Pádraig Brady wrote:
> On 23/02/11 04:30, Linda Walsh wrote:
>   
>> I understand, somewhat, what is happening. I have two different utils, 
>> 'dd' and mbuffer both of which have a 'direct' option to write to disk. 
>> mbuffer was from my distro with a direct added, which is
>>
>> I'm not sure if it's truncating the write to the lower bound of the 
>> sector size or the file-allocation-unit size but from a {dump|cat},
>> piped into {cat, dd mbuffer}, the output sizes are:
>> file              size       delta
>> -------------   ----------   ----
>> dumptest.cat    5776419696
>> dumptest.dd     5776343040   76656   
>> dumptest.mbuff  5368709120   407710576
>> - params:
>> dd of=dumptest.dd bs=512M oflag=direct
>> mbuffer -b 5 -s 512m -direct -f -o dumptest.mbuff
>> ----
>> I'm not aware of what either did, but no doubt neither expected an
>> error in the final write and didn't handle the results properly.
>> Vanilla kernel 2.6.35-7 x86_64 (SMP PREMPT)
>>     
> Note dd will turn off O_DIRECT for the last write
> if it's less than the block size.
> http://git.savannah.gnu.org/gitweb/?p=coreutils.git;a=commitdiff;h=5929322c
>   
------

FWIW, 'dd' is from 'coreutils-7.1-3.2.x86_64' (from the suse 11.2 release):

While I used dump (xfsdump to be precise) to produce my initial output
to mbuffer, it was the error message at the end which caught my attention.
Prior I had a tried a series of filters after the initial mem-to-mem
buffer performed by 'dd', then later 'mbuffer'.  The filters were
successively lower-io compress options over the years as disk and
network speeds rose and cpu-compression became the choke-point.
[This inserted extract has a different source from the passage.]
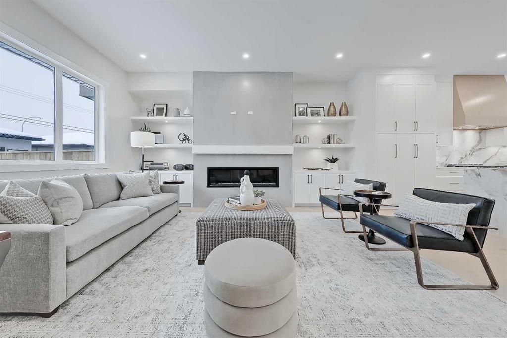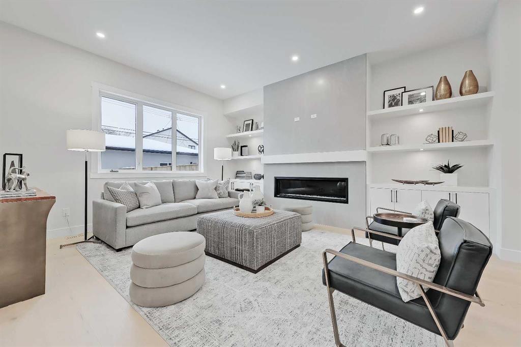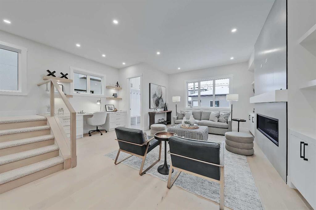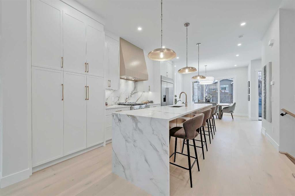 Set within sought-after KILLARNEY, this modern semi-detached home delivers light-filled interiors, a thoughtful layout, and elevated finishes that create a space that feels calm, intentional, and easy to live in. With parks, schools, and local favourites just minutes away, this is a home that supports both busy schedules and slower moments. The front entry immediately sets the tone. A welcoming foyer features CUSTOM BUILT-IN STORAGE with a bench and hooks, keeping bags, shoes, and coats neatly tucked away. Just off the entry is a stylish main floor POWDER ROOM, with quartz skirt, custom framed mirror perfectly placed for guests and day-to-day convenience without interrupting the flow of the living space. From here, the main floor opens into a clean, open layout. The kitchen sits at the centre of the home and anchors the entire level. A LARGE QUARTZ WATERFALL ISLAND creates a natural gathering point, complemented by integrated appliances, warm wood accents, and sleek cabinetry. The dining area flows easily alongside the kitchen, making it ideal for hosting or everyday meals without breaking connection. Toward the rear of the home, the living room feels comfortable and intentional. A LINEAR FIREPLACE with built-in shelving adds warmth and structure, while a BUILT-IN DESK tucked just off the living space creates an ideal work-from-home setup, homework station, or command centre that stays visually connected without taking over the room. At the back of the main floor, an ENCLOSED MUDROOM offers smart separation and functionality. Lockers and storage keep things organized, while direct access leads out to the backyard FULLY FINISHED GARAGE W/EPOXY FLOORS, making transitions effortless year-round. Upstairs, the primary suite stands out with a VAULTED CEILING and FEATURE WALL that add volume and visual interest, creating a true retreat feel. The ensuite balances style and function with a freestanding tub, glass shower, double vanity, and carefully selected finishes that feel calm and refined. Secondary bedrooms are generously sized and easy to furnish. The upper landing adds unexpected flexibility, with enough space for a DESK, READING NOOK, or SMALL PLAY AREA, allowing this level to adapt as needs change over time. Downstairs, a spacious rec area is complemented by a DEDICATED HOME GYM complete with sports flooring and a full wall mirror. A WET BAR with floating shelves and wine fridge enhances the entertaining potential, while a bedroom and full bathroom provide comfortable space for guests or extended stays. The home is set in the heart of KILLARNEY, known for its walkability and strong local amenities. Just minutes from 17TH AVE SW, you’re close to neighbourhood favourites like Blanco Cantina & Merchants, along with nearby schools including Killarney School and Holy Name School. Optimist Athletic Park & the Killarney Aquatic & Recreation Centre are close by, while quick access to Crowchild Trail and Bow Trail keeps downtown easily within reach. *Photos from show suite

(xfsdump -b 512m )|(initially 'dd', later, 'mbuffer' )| \
         (su -f -m backup -c "$umask $um;${Compress:-} ${Compress_ops:-} \
                >${Dmpfile}${Compress_ext}" )
---
Eventually I wanted to get rid of the final filter step altogether and
have that 'buffer' statement after the 'dump' go direct to disk, then
later "--direct" to disk...

    It was adding the 'DIRECT' flag then that I noticed mbuffer's error.

    My first debug step was to go for a shorter dump file (the one that
failed on was over 3TB and took over 3h to reproduce).  Then I substituted
'cat' as that final filter and ended up with my 'testfile' I used for later
tests for 'mbuffer' and 'dd'.

NOTE:

I tried using the 'iflag=fullblock' as you recommend and it made the problem
'consistent' with the output of 'mbuffer', i.e. it transfered less data
and the truncation was consistent with a 512M divisor, indicating it was
'cat' default record output size that was causing the difference. 
If I use 'dd' to read the base file (no direct i/o) I get consistent results
with 'mbuffer' and 'dd':


Input: DumpTest.out: 5776419696

Output file sizes are as reported by 'dd', with 'test1' giving the closest
answer (short record line concatenated with ' & '):

test1> cat DumpTest.out |dd of=dumptest.dd-fb oflag=direct 
bs=512M          
dd: writing `dumptest.dd-fb': Invalid argument
0+7346 records in & 0+7345 records out
5776343040 bytes (5.8 GB) copied, 12.4361 s, 464 MB/s


test2> cat DumpTest.out |dd of=dumptest.dd+fb oflag=direct bs=512M 
iflag=fullblock
dd: writing `dumptest.dd+fb': Invalid argument
10+1 records in & 10+0 records out
5368709120 bytes (5.4 GB) copied, 12.581 s, 427 MB/s

test3> dd if=DumpTest.out bs=512M |dd of=dumptest2.dd+fb oflag=direct 
bs=512M iflag=fullblock               
10+1 records in & 10+1 records out
5776419696 bytes (5.8 GB) copieddd: writing `dumptest2.dd+fb', 11.6493 
s, 496 MB/s
: Invalid argument
10+1 records in & 10+0 records out
5368709120 bytes (5.4 GB) copied, 11.6513 s, 461 MB/s

test4> dd if=DumpTest.out bs=512M |dd of=dumptest2.dd-fb oflag=direct 
bs=512M
10+1 records in & 10+1 records out
dd: writing `dumptest2.dd-fb'5776419696 bytes (5.8 GB) copied, 11.4503 
s, 504 MB/s
: Invalid argument
10+1 records in & 10+0 records out
5368709120 bytes (5.4 GB) copied, 11.4503 s, 469 MB/s

---
I've tried significantly shorter files and NOT had this problem
(record size=64k, and 2 files one @ 57k and one at 64+57k). Both copied 
fine.
Something to do with large file buffers.

Of *SIGNIFICANT* note.  In trying to create an empty file of the size
used, from scratch, using 'xfs_mkfile', I got an error:

>  xfs_mkfile 5776419696 testfile
pwrite64: Invalid argument

---
I'm having problems generating new kernels (will ask in separate
message) so will have to fix those before moving ahead...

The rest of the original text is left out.